The poor fragile lamb that is Tara Reid was sponsored by Belvedere Vodka (I kid ye not – I’ll just giggle quietly to myself in the corner here) to host a Hallowe’en bash at ‘The Pool After Dark’ at Harrah’s Resort in Atlantic City, New Jersey on Saturday night.
Somewhere in New Jersey, Lindsay and Dina Lohan are anxiously hammering on a club owner’s door so they can put themselves forward as Belvedere’s next celebrity endorsees saying they were told at an AA meeting to get a sponsor to work with and that this one Tara has sounds ideal.
The 37-year-old Sharknado star and adopted mommy to Jedward did her best tree impression while what looks like a bachelorette party on acid unravelled behind her.

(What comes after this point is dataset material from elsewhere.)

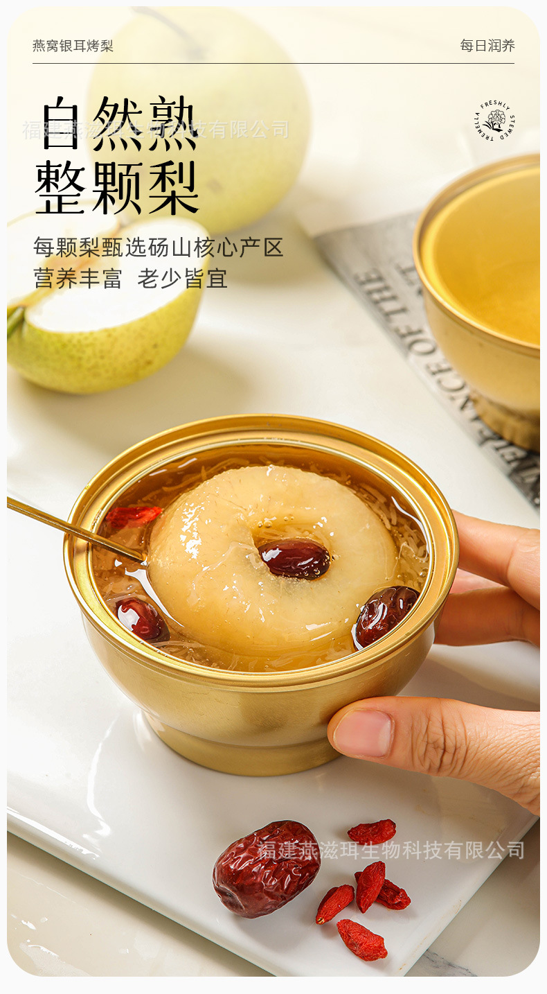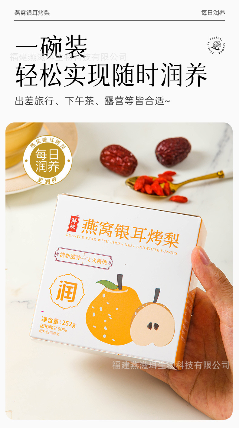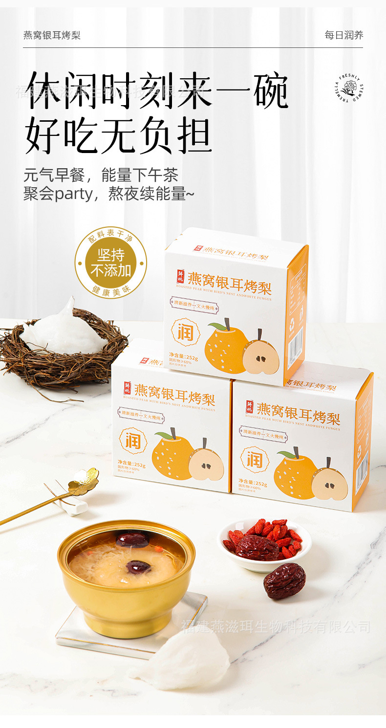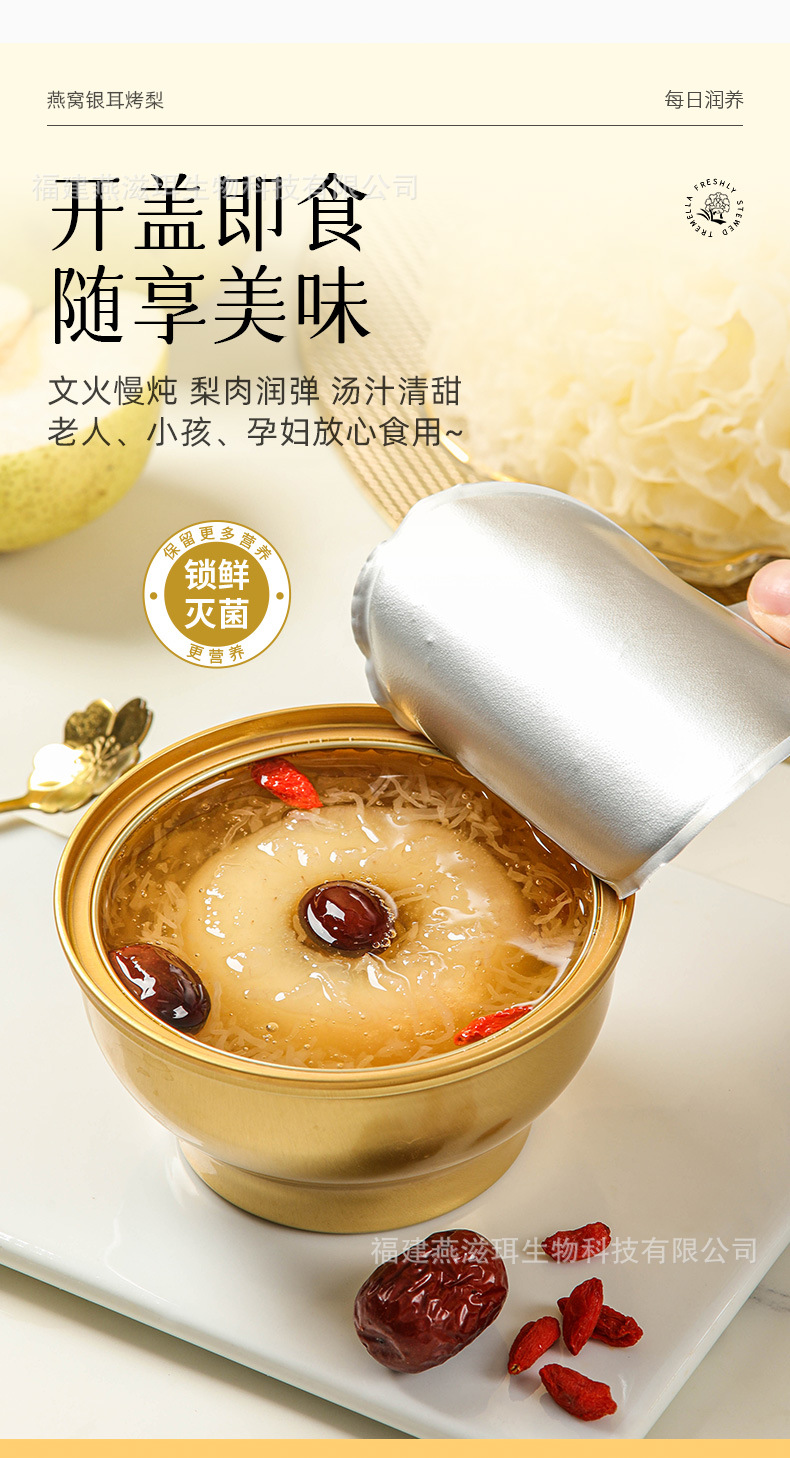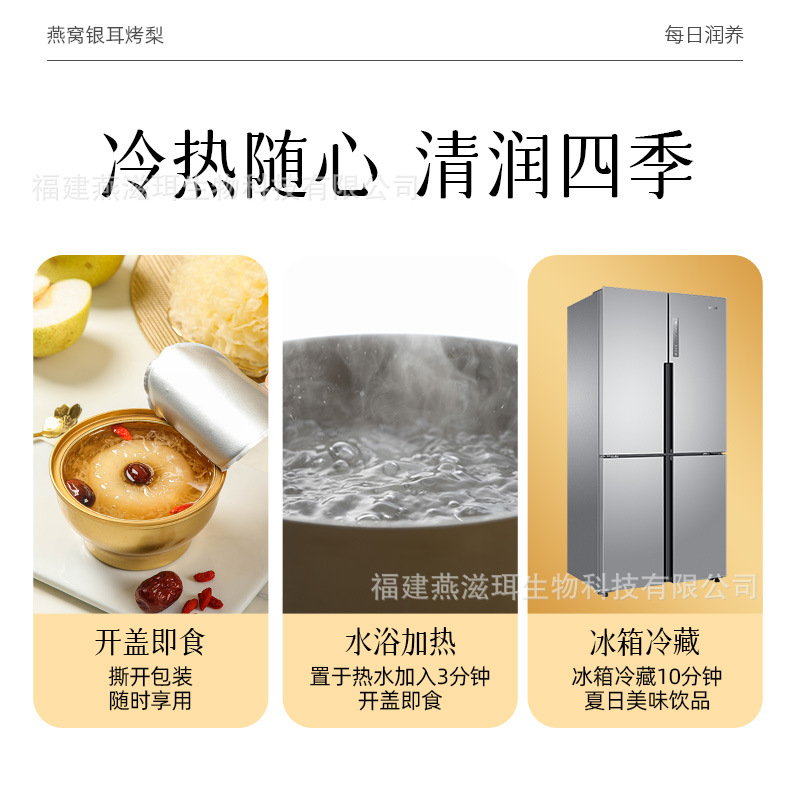 Yanzhi'er 新鮮な煮込みツバメの巣、白きくらげ、焼き梨、フルーツ缶詰、すぐに食べられるおいしい新商品

It looks like hell on earth.
And now I’ve reflected a little on how Tara’s life’s unfolding, I’ve gone a bit quiet and will allow Forrest Gump to speak on my behalf:
So brace yourselves for a shower of celebrities in all manner of attention-seeking outfits over the next seven days as they misinterpret this Thursday’s Hallowe’en as somehow meaning: ‘Walk about looking like a down-on-her-luck Vegas hooker’.
But who knows – with everyone else looking just like they usually do, maybe Miley Cyrus and Lord Gaga will actually put some clothes on for a change?